Lemon8-XML will automatically detect the sections, tables, and figures within your document, and provides an overview of their order and hierarchy (in the case of sub-headings, etc). The section editor allows you to re-order and re-organize your document as you desire. eg. in the case that figures are embedded as appendices, you may reorder them to be within sections, or even upload new images to replace or supplement previous ones.

Although the functionality is limited to a very general preview for now, we are aiming to provide comprehensive section and table editing features in the future. For now, however, the word count and overview should give you an idea of how your article is structured, and allow you to ensure that all of the pertinent sections are in the right places.

Editing and Correcting Citations

As any editor or author knows, editing citations (references) to ensure that they're complete and correct is extremely tedious and time-consuming work. When your document is uploaded, the references are automatically detected, parsed, and compared with several online services to ensure their completeness and correctness.

For each, you will be shown a visual indication about the citation's completeness: a red 'X' indicates that it will have to be edited manually; a blue '!' indicates that manual editing may be required, and a green check-mark indicates that it was correctly parsed or corrected ("looked up"). At a glance, you will be able to determine which citations require editing, thus minimizing your work.

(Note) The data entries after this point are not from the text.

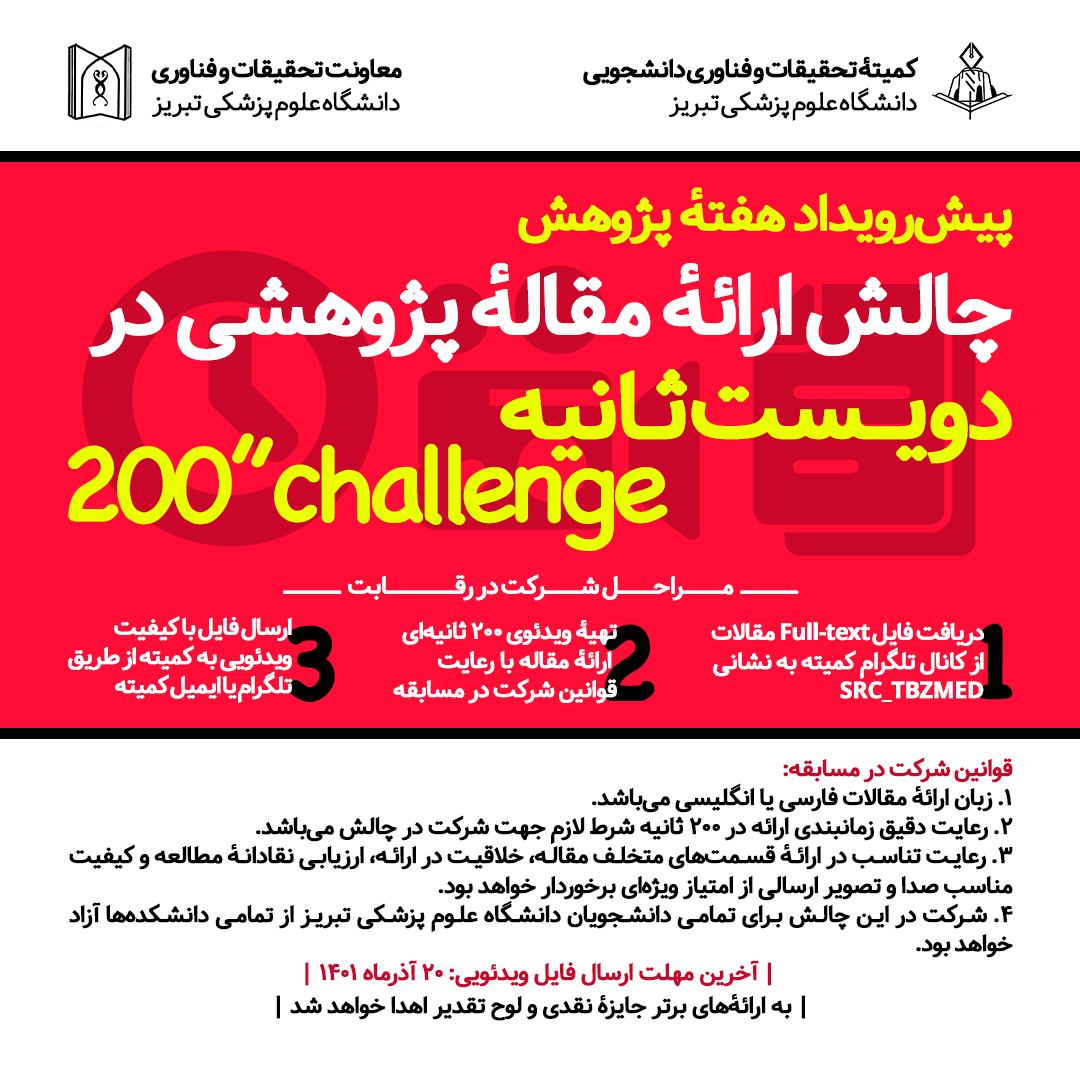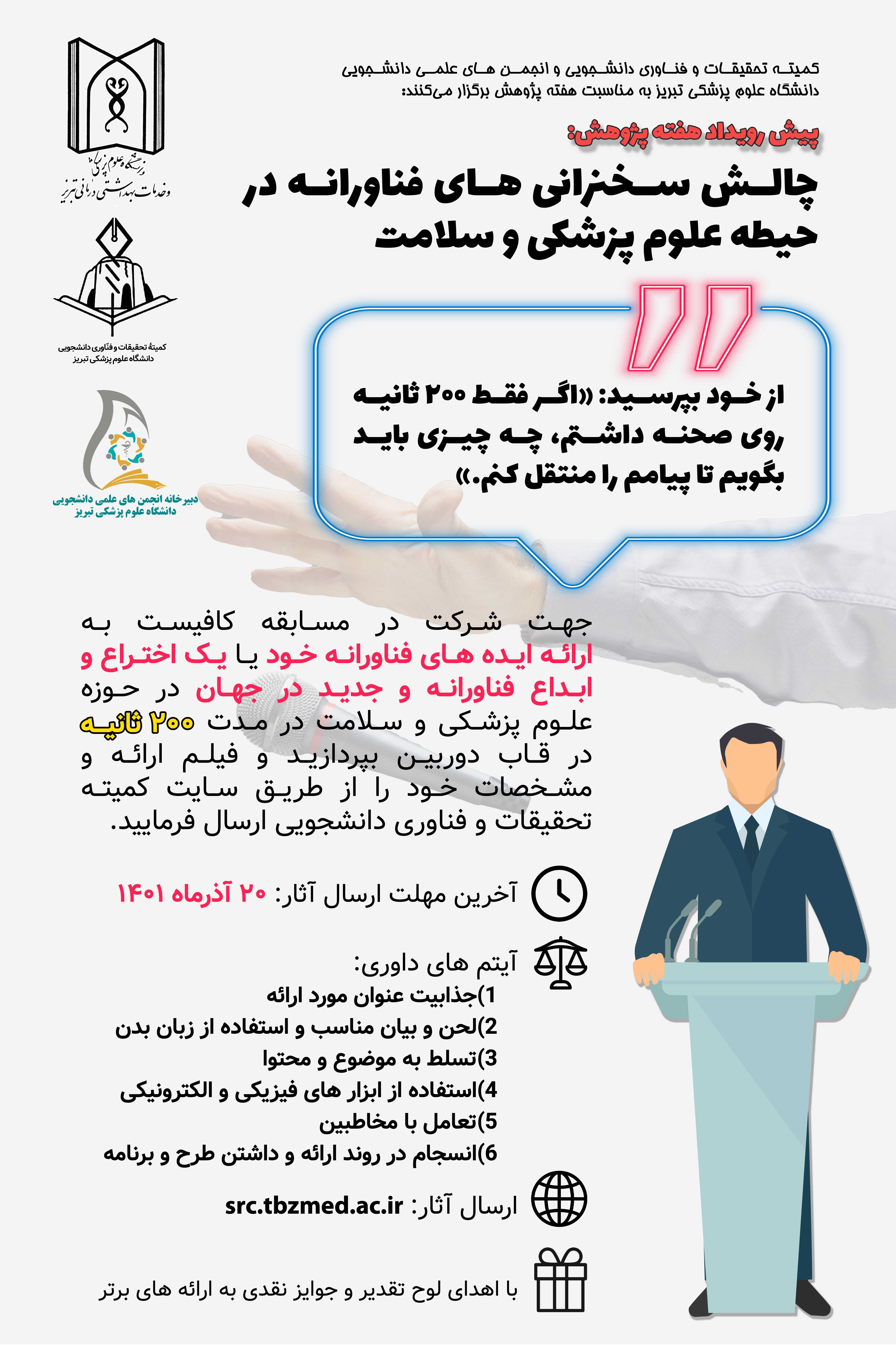 پیش رویدادهای هفته پژوهش ( چالش ارائه مقاله پژوهشی در 200 ثانیه ) ( چالش سخنرانی های فناورانه در حیطه علوم پزشکی )
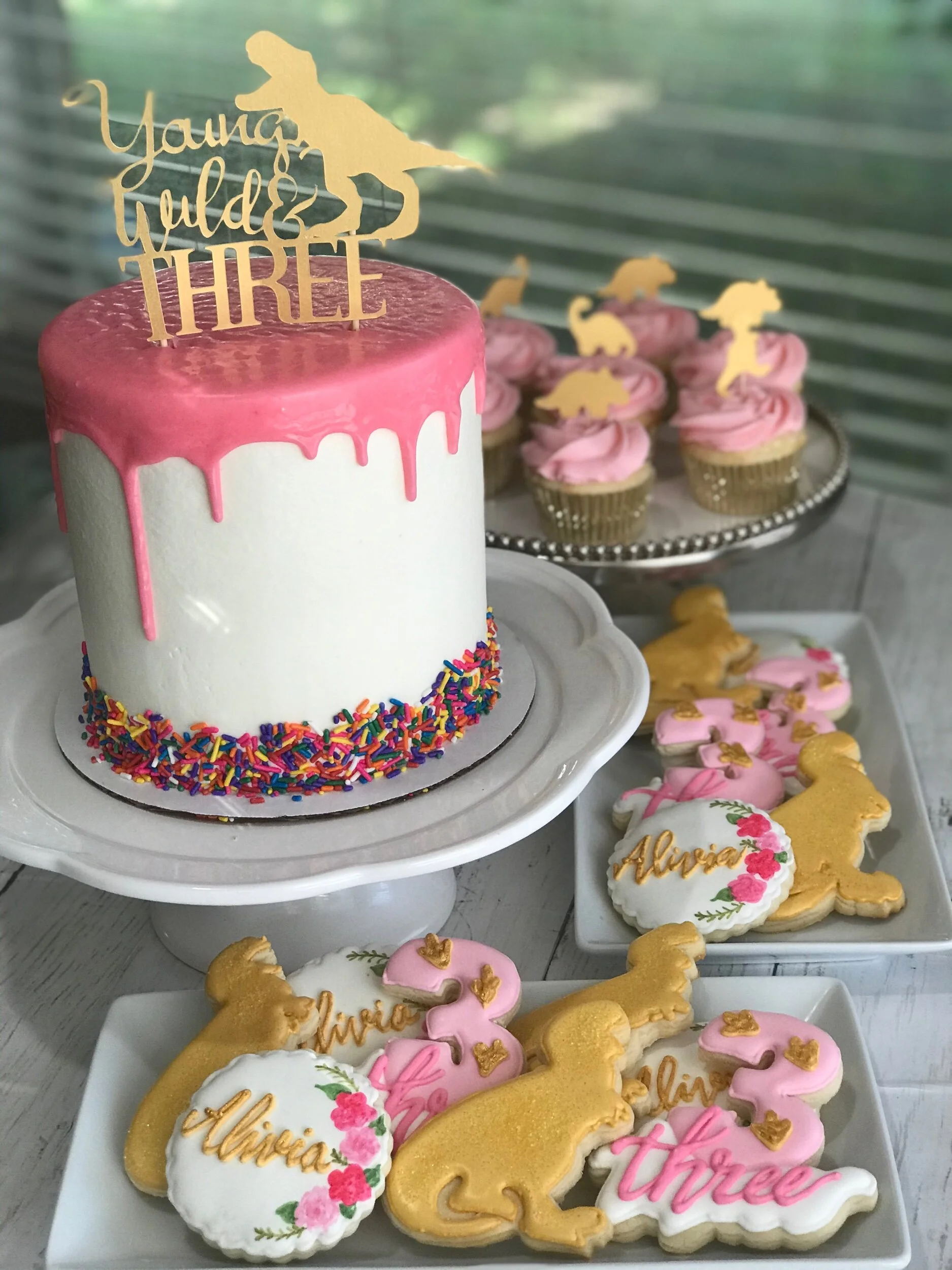 Young wild and three and lovin her dinosaurs! Happy Birthday Alivia!! Thank you so much Alisha for another cute as heck theme!! #DinosaurCaves #YoungWildAnd3 #DinosaurCookies #cookies #royalicing #decoratedcookies #sugarcookies #sweetlyinspired #cupcakes #cakes #TampaSmallBusiness #supportsmallbusiness #RoyalIcingCookies www.sweetlyinspiredlife.com
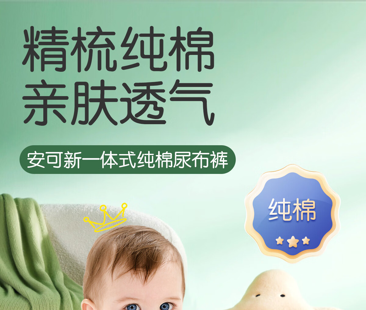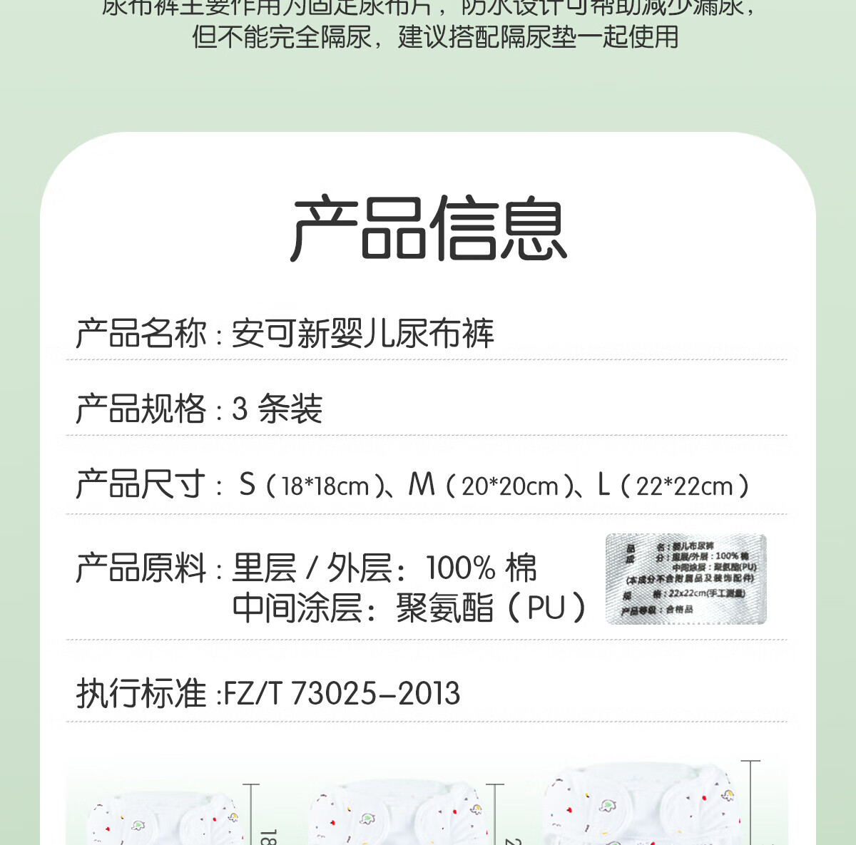 安可新婴儿尿布兜可洗新生儿隔尿纯棉亲肤透气隔尿隔污3件装L码 15-20斤

Each citation is passed through 4 parsing mechanisms, matching over 400 citation styles, and assigned an accuracy score. The Lemon8-XML administrator can set the threshold for "correctness" to adjust the sensitivity of the parsers. Likewise, each citation is matched against 2 online databases (PubMed and Crossref at present; more are planned shortly) to verify completeness. If a match is found, a correction score is assigned that shows how close the original citation was to the online index. Again, only those that meet the threshold are actually corrected.

When manually editing citations, the editor allows you to either fill in fields individually, or edit the complete citation and re-parse it as you like. If you feel the citation is correct and want to see if it can be enhanced by information from an online index, click "Lookup citation" to attempt an automatic correction.

You should fill out as many fields as possible, as accurately and completely as possible, to ensure both the highest quality of export from your document, as well as the best likelihood that your citation can be automatically looked up. Again, although this may take a little time, it will ensure the best quality for your article. We have great plans for a more dynamic, AJAX-based citation editor in the near future.

Citation tips

  • A large amount of grey literature, including some books and magazines, do not get automatically looked up
  • If your document is not correctly looked up, Search for it on PubMed or CrossRef. There is nothing more useful than a PMID or DOI to help fill in all the other information.

Previewing and Exporting the XML

The final step in editing your document is previewing it in HTML and PDF formats and ensuring that it renders as you would expect it to appear in an online journal or institutional archive.

This should be a good opportunity to double-check that the editing you've made on the article metadata, section ordering, and citations is all reflected correctly in the final preview. All of the previews are generated dynamically, so any iterative changes you make will be immediately reflected.

Once you are content that your article is complete, you can export it in fully-structured XML format. At the moment, only the NLM Journal Publishing DTD is supported, although we are planning a number of alternate export formats (including ODT) in the future. Lemon8-XML has been developed in close relation with Pubmed Central and strives to meet their stringent standards for archival quality standards.